Instantaneous Motion Perception

What It Is

Instantaneous Motion Perception refers here to the CVPR 2024 method "Instantaneous Perception of Moving Objects in 3D."
The paper introduces the S'More framework for subtle motion detection and motion-flow estimation from LiDAR.
It targets small, safety-critical object motion that begins before standard trackers produce a stable velocity.
Examples include a parked vehicle starting to move or a vehicle stopping and reversing.
The method is object-centric rather than full-scene panoptic segmentation.
It includes a benchmark extracted from Waymo for small-motion evaluation.

Standard LiDAR motion estimation struggles with the "swimming" artifact: sparse point samples vary across frames even for static objects.
The method uses local occupancy completion to densify the visible object surface cue.
Occupancy completion is learned jointly with moving-object detection and motion-flow estimation.
It avoids full object shape completion and focuses on the visible surface where motion evidence is strongest.
The model is trained specifically in the subtle-motion regime.
It detects and quantifies motion as soon as objects begin to move.

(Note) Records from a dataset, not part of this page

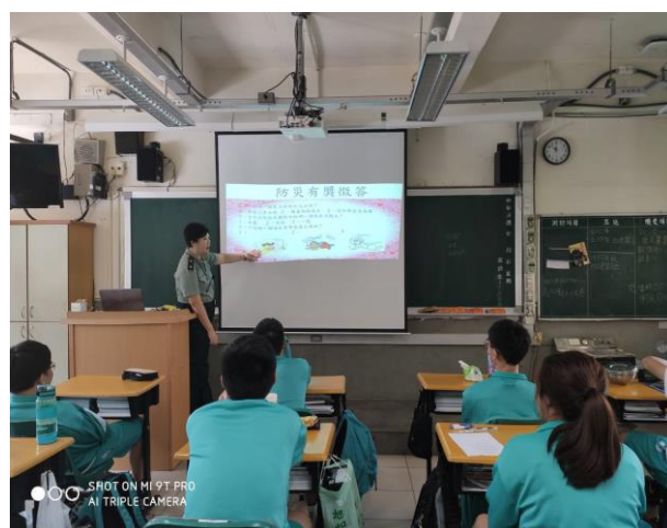
說明 4:108 學年度-防災融入課程 有獎徵答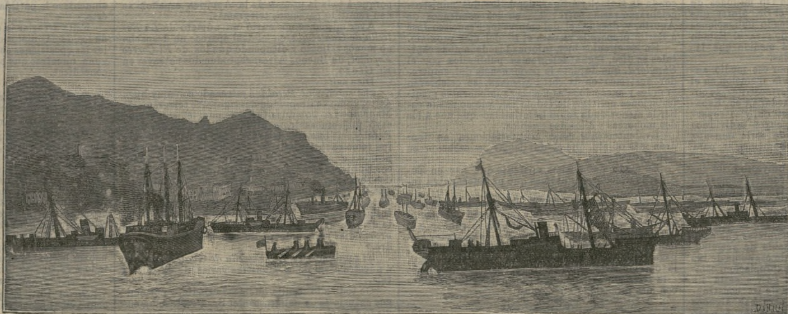
La villa y plaza en guerra de Santofía.

El servicio de las diferentes líneas aéreas, está asegurado por 160.000 estaciones.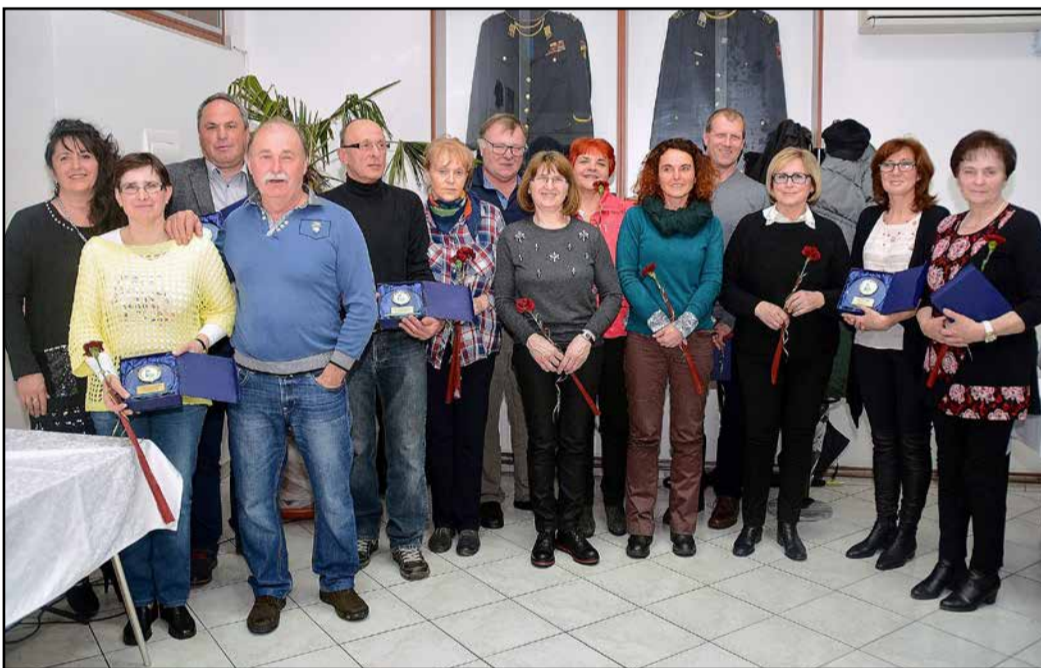
Dobitniki priznanj KS Šempeter za urejenost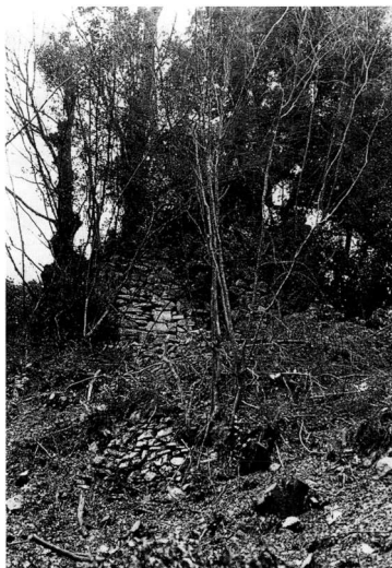
Εικ. 2. Η δυτική όψη του πύργου με τα γύρω ερείπια. Άποψη από το μονοπάτι Μ. Ζωγράφου - Μ. Χελανδαρίου (1990).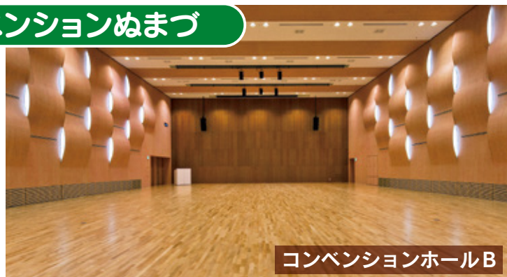
コンベンションホールB

コンベンションホールAは、レイアウトが自由な平土間の会議室としては県内最大級で、シアター形式で1,000名、スクール形式で690名収容可能です。用途に応じて2分割のご利用もできます。学会、講演会など、大規模なコンベンションに対応しており、同時通訳ブースの設置も可能です。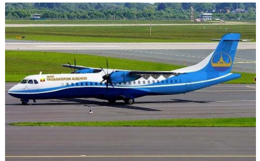
ミャンマー国内線（イメージ）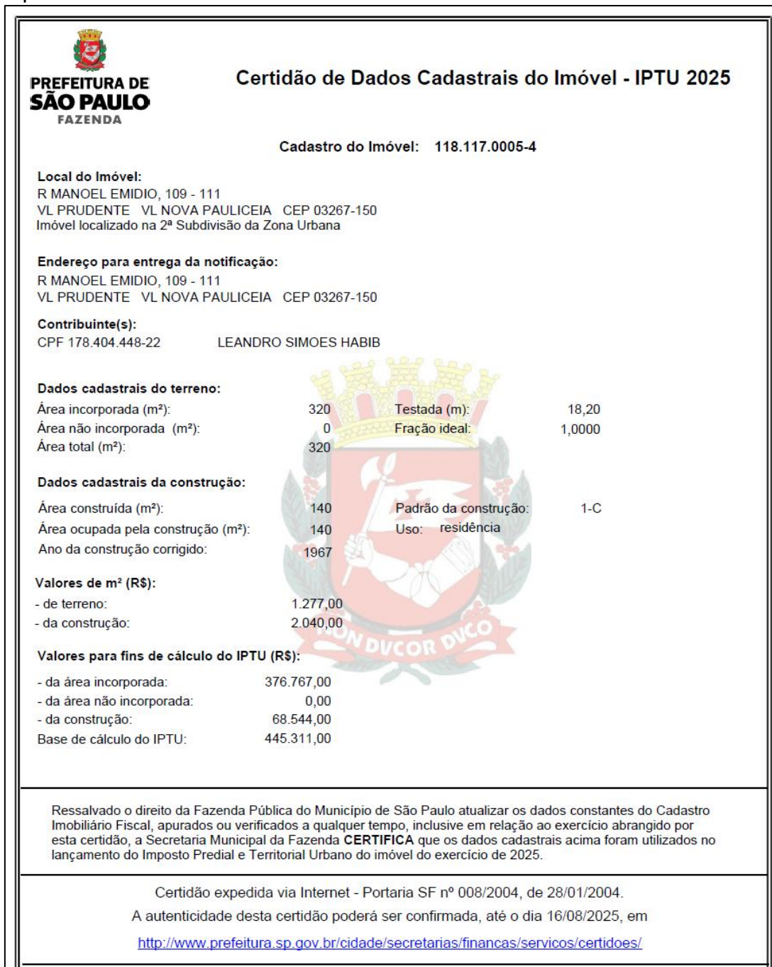
Imagem 07: Imóvel localizado em Zona ZEU conforme informações da Prefeitura Municipal de São Paulo – SP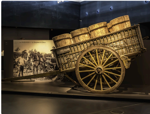
17 Tombereau aux vendanges 1bis 070516.jpg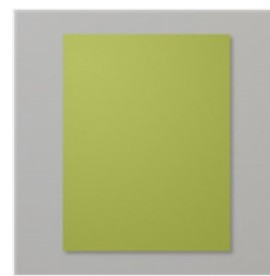
Old Olive 8-1/2" X 11" Cardstock - 100702

Input: sequential LiDAR point clouds over a short temporal window.
Input: object proposals or objects of interest, with background and large-motion objects filtered out.
Input assumption: ego-motion can be estimated reliably by ICP, GPS/INS, or a similar localization stack.
Intermediate representation: per-object voxelized occupancy grids.
Output: binary small-motion decision for each object.
Output: point-level or object-level motion flow estimate for the moving object.

The framework first identifies objects of interest.
It voxelizes each object's sequential LiDAR points.
An encoder-decoder network predicts local occupancy completion.
Completed occupancy features feed a motion detector.
The same features feed a motion-flow predictor.
Occupancy supervision uses accumulated nearby-frame LiDAR points to create denser visible-surface targets.

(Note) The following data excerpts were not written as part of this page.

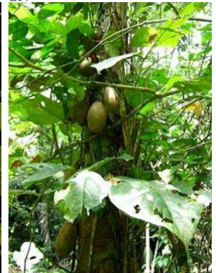
20 Grias neuberthii GN LECYTHIDACEAE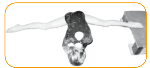
Foto 5: Split met gestrekte benen, op verhoging.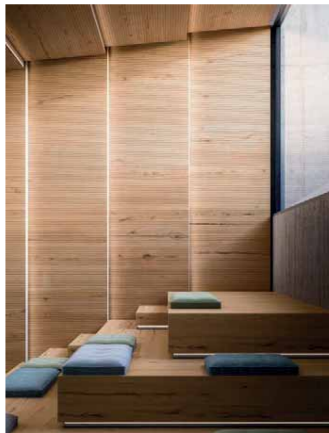
Rivestimento / Cladding Top Comfort Faggio/Beech tree H088 La Fenice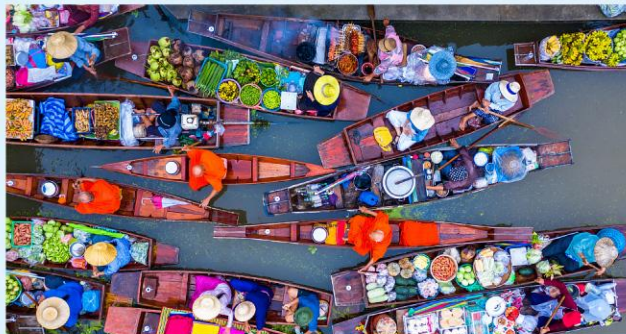
丹嫩沙朵搭搭手摇船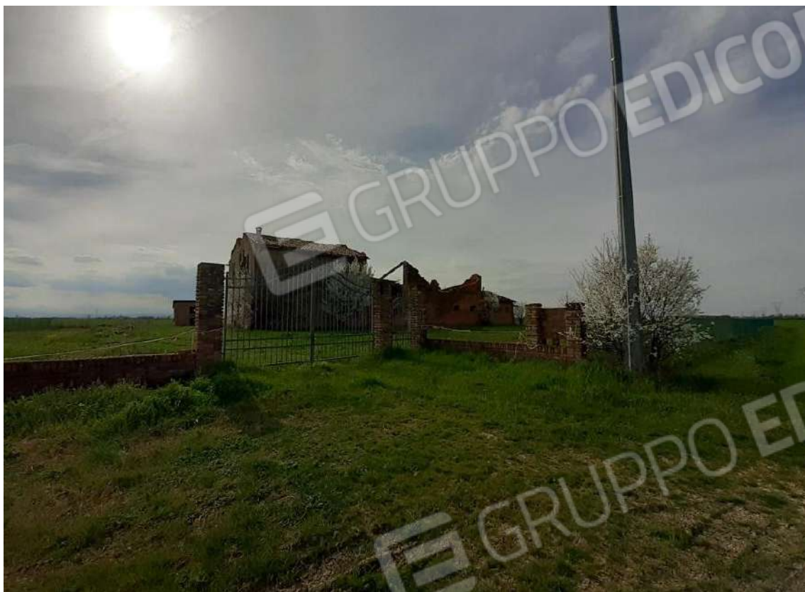
VISTA LATERALE DELLA CANCELLATA DI INGRESSO CON APERTURE CARRABILE E PEDONALE E VISTA GENERALE DEL COMPLESSO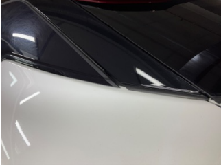
Çamurluk, sol arka, Nikelaj > Ayarsız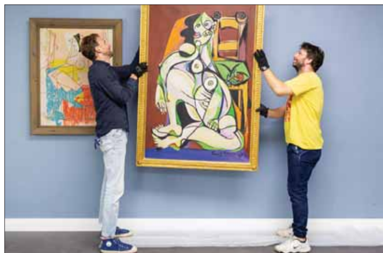
S takýmito vzácnymi dielami sa v depozitoch aj vo výstavných galerijných sálach zaochádza „v rukavičkách“...

roku 1911 adaptovali poetiku analytického a syntetického kubizmu nadviazaním na tvorbu Pabla Picassa a Georgea Braqua. Bol členom skupiny Osma a Spolku výtvarných umelcov Mánes (od 1909). Pred prvou svetovou vojnou veľa cestoval po Európe a v roku 1911 sa jeho záujem sústredil na Paríž, predovšetkým na kubizmus. Po vypuknutí prvej svetovej vojny odišiel do exilu, žil v Holandsku, zapojil sa do zahraničného odboja a po skončení vojny pôsobil ako diplomat (1914 – 1920). V roku 1920 sa vrátil do Prahy, kde sa venoval tvorbe i organizačnej, publicistickej a umelecko-teoretickej činnosti. Po vypuknutí druhej svetovej vojny ho zatkli, bol väznený v koncentračnom tábore Dachau, neskôr v Buchenwalde (1939 – 1945), odkiaľ sa vrátil s podloženým zdravím. Po návrate bol vymenovaný za profesora Vysokej školy umeleckopriemyselnej v Prahe, štát mu ako formu uznania prepožičal kridlo zámku v Peruci (1947), kde umiestnil časť svojich bohatých zbierok umenia. V štyridsiatych a päťdesiatych rokoch sa venoval veľkoformátovým kresbám na motívy slovenských ľudových piesní a realistické krajinnomalbe. Bol často podrobovaný ideologickej kritike zo stalinistických pozícií, zomrel na šiesty infarkt.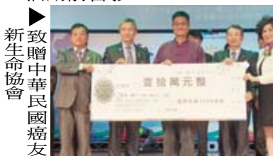
▶致贈中華民國癌友新生命協會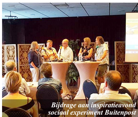
Bijdrage aan inspiratieavond sociaal experiment Buitenpost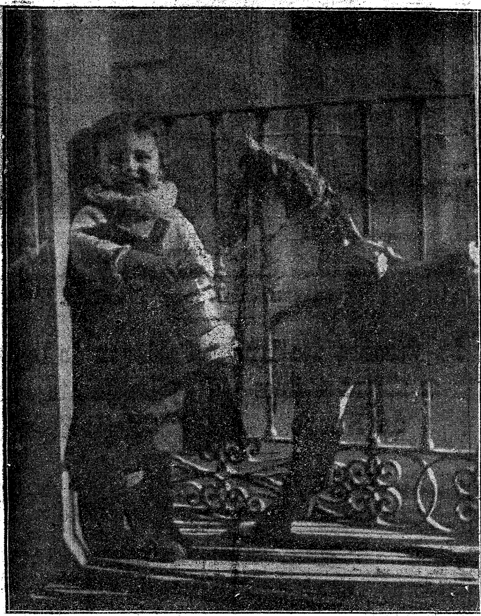
REGALO DE REYES

En los últimos días del mes actual se celebrarán en Cheshire y Lancashire 40 reuniones promovidas por los unionistas para protestar del proyecto de autonomía de Irlanda.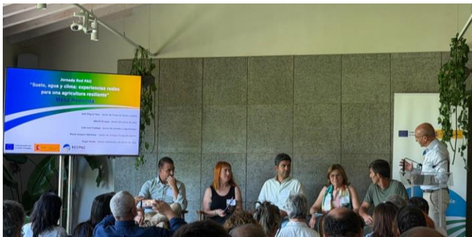
Foto 16. Mesa redonda de agricultores y agricultoras.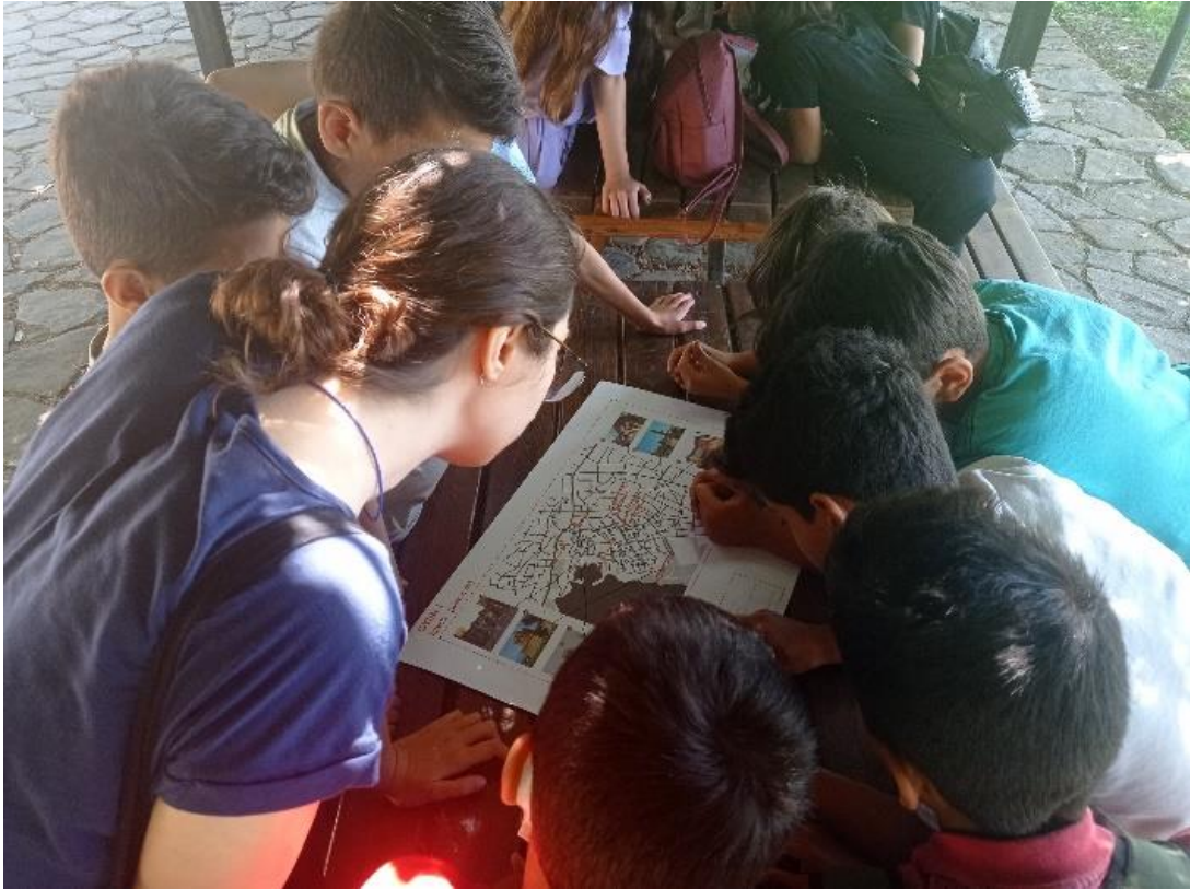
Şekil 6. Eşleştirme, Anlatma ve ‘Ben Neredeyim’ Oyunu

Öğrencilerin keşfettikleri, öğrendikleri ve deneyimledikleri bilgilerin yapılandırılmasına katkı sağlamak için eğitim süreci boyunca yapılan geziler üzerinden çeşitli oyunlar kurgulanmıştır. İlk oyun olan ‘Ben neredeyim?’ oyunu Kaleiçi gezisine odaklanmıştır. Oyunun ilk iki aşamasında öğrenciler gruplara ayrılmış, tarihi yapıların haritadaki yerini bulmuş ve üzerinde uzlaştıkları üç kelime ile onu anlatmıştır. Üçüncü aşamasında ise her grup gezi rotasında konumlanan bir yer seçmiş, karşı takımın cevabı evet-hayır olan sorular sorarak seçilen yeri harita üzerinden bulmaya çalışmıştır. Oyun oynanırken öğrenciler sürekli yeni öğrendikleri kelimeleri kullanmış -‘Yanımda cumbalı bir ev var mı?’, ‘Yivleri görüyor muyum?’, veya ‘Bir avlunun içinde miyim?’ gibi soruları sıklıkla birbirlerine sormuştur (Şekil 6 ve Şekil 7).

The paper contributes a benchmark for subtle vehicle motion from the Waymo dataset.
It compares against ICP, point-to-plane ICP, generalized ICP, CenterPoint, FastNSF, and tracking-style baselines.
Evaluation focuses on detection F1 and motion estimation quality under latency-sensitive settings.
The authors report superior performance for subtle motions compared with standard 3D motion estimation approaches.
The published scope focuses on vehicles; the paper leaves human-category extension for future work.
The method is a CVPR 2024 paper with open-access PDF and arXiv version.

Directly targets early motion cues that matter before a track has several frames of evidence.
Explicitly handles LiDAR swimming artifacts through occupancy completion.
Complements MOS: it estimates subtle object motion, not only moving/static point labels.
Object-centric processing can be plugged into a detector/tracker stack.
Particularly relevant for start/stop events near conflict points.
The benchmark frames a useful metric for reaction-time-sensitive perception.

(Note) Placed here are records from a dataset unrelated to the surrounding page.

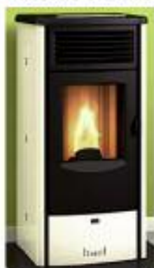
CLOÉ 6 Kw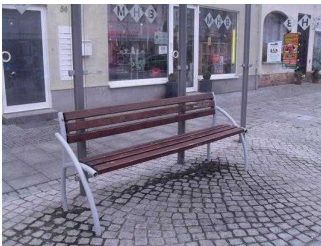
Bank an der Bushaltestelle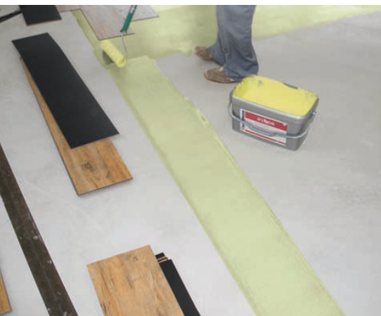
'iFloor', een emissiearme, rolbare dispersiekleefstof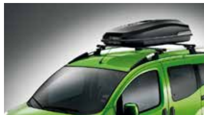
71805134 Dakbox, inhoud 490 liter 195 x 80 x 40 cm, met Fiat logo achterop Prijs incl. BTW: 428,-*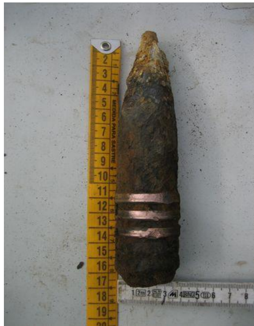
3,7 cm granaat (geschutsmunitie)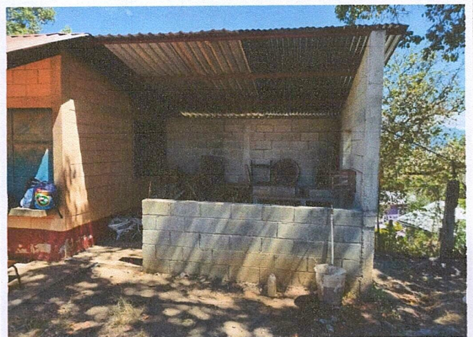
Foto 4: Cocina en condiciones inapropiadas para preparar los alimentos, se necesitan tinacos y mejoramiento de instalación de agua potable.

Observación: Si es necesario se pueden agregar hojas adicionales y agregar el número de hojas.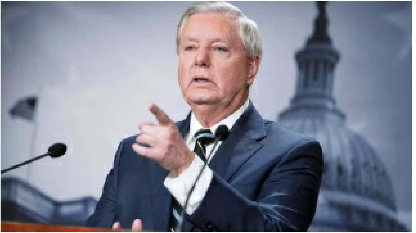
ABD'li senatörün hayali 'Putin'e suikast'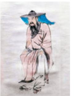
◆張大千臨摹自唐寅的《東坡笠履圖》

蘇東坡認為「漢黎一民」，「華夷同構」，具有樸素的民族平等意識，他學黎語，着黎裝，與黎族人民打成一片並建立了深厚友誼。生活雖然清苦，但蘇東坡卻得到了當地百姓對他的敬重與關心。有一天，蘇東坡去看望好友黎子雲，路過下雨，於是就近向農家借用了竹笠和木屐，他一穿戴起來，就顯得怪模怪樣，惹得婦女兒童相隨笑看，農家的狗也對着他亂吠一通。這讓蘇東坡也樂道：「笑者怪也吠者怪也」。由此可見蘇東坡性情隨和，與民眾關係非常和諧。他也留下了「我本海南民，寄生西蜀州」的深情詩句，流露出對這片土地的不捨之情。後來，人們便將蘇東坡所借戴的斗笠稱作「東坡笠」作為紀念，該「東坡笠」製作技藝已於2005年入選第一批海南省級非物質文化遺產名錄，東坡笠履形象也逐漸成為一個經典的繪畫題材。

Requires reliable object proposals or track candidates before subtle motion inference.
Vehicle-focused training may not transfer to pedestrians, dollies, aircraft tugs, or articulated GSE.
Assumes ego-motion is reliable enough to subtract vehicle motion.
Small objects with few points can still lack enough surface evidence for occupancy completion.
Full-scene coverage is not provided; it is a targeted object module.
It can miss hazards that are not proposed by the upstream detector.

High value for slow start detection around gates, crossings, and service roads.
Relevant to apron cases where a parked tug, belt loader, baggage train, or bus begins moving at low speed.
Needs extension beyond road vehicles to GSE shapes and personnel.
Could run only on objects near the ego vehicle's planned path or aircraft clearance envelope.
the reference airside AV stack's RTK/IMU/GTSAM stack is a good source of ego-motion for this method's assumptions.
Should be fused with radar Doppler where available, because radar gives direct radial velocity for many moving actors.

Use as a second-stage module after a detector/tracker, not as a replacement for dense obstacle detection.
Build an airside subtle-motion validation set with start, stop, reverse, inching, and tow initiation events.
Include negative examples where LiDAR sampling causes apparent motion on static aircraft and parked GSE.
Measure time-to-detect relative to track-velocity baselines, not only final F1.
Publish an "early motion" flag with confidence and estimated motion vector.
Do not trigger aggressive planning behavior from this module alone; use it to increase caution and prediction priority.